Each and every 3D modeling software works differently, so hollowing a 3D model is easier in some programs than in others. We’ll take a look at some examples here nevertheless.

One program with an easy-to-use hollowing function is 123D Design. It can hollow any shape by clicking on ‘modify’ and ‘shell’. You can then select how big the hollowed space will be and how thick the walls will remain.


In other programs, like SketchUp, it’s a bit more complicated. An easy way is to start with a 2-dimensional rectangle and use the ‘offset’ function. This will create a rectangle within the rectangle. Delete this space and you’ll have an empty space in your rectangle (left-hand side in the image below). You can then ‘pull’ this 2D shape into a 3D object (right-hand side in the image below). In a final step, you can add ‘walls’ at the top and bottom of the design.


Probably the easiest way to get a hollow model is by downloading the free Autodesk software Meshmixer. Insert your 3D file, select ‘edit’ and ‘hollow’ and you will have immediate results.


Why do I need escape holes?

As already pointed out, our 3D prints are created layer by layer. With a hollow interior, this means that 3D printing materials can get trapped inside the object. A hollow model full of trapped powder is in danger of deforming. Escape holes are recommended for getting ‘trapped’ 3D printing material out of your 3D print. We typically use pressurized air for cleaning the excess powder off.

escape holes for saving money with 3d printing

Now the questions remain how many escape holes a print needs and how big they need to be. And once again there is no universal answer to this: it all depends on the 3D printing material and the size of your print.

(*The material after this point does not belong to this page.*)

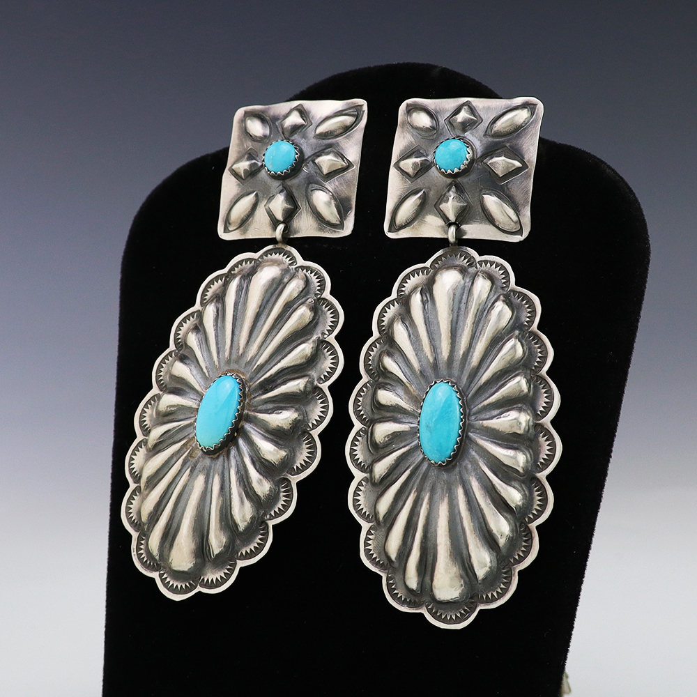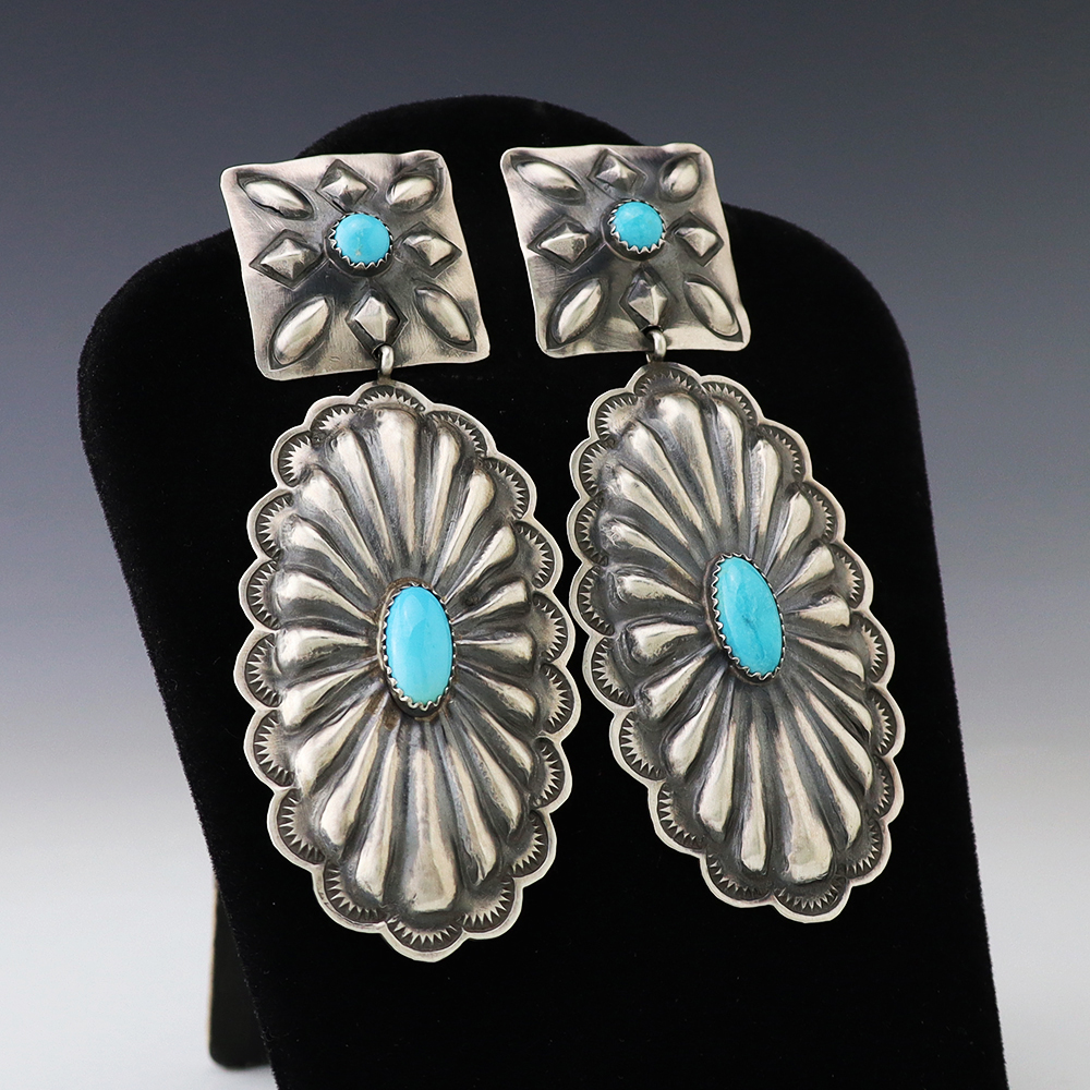 NATIVE AMERICAN ZUNI TURQUOISE EARRINGS BY NANCY & SHELDON WESTIKA
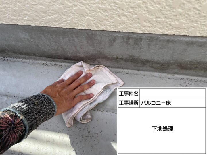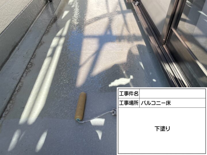 下地処理後ベランダ床全体にプライマーを塗布しました。

Let’s take a look at some examples: while we recommend at least two escape holes for multicolor prints, you should design more holes than that for gold, silver, brass, and bronze prints. While an escape hole with a diameter of at least 1.5 mm is fine for gold and silver prints, the openings for a ceramic object need to be at least 10 mm big. Once again, taking a look at the individual design guides will provide you with all the answers.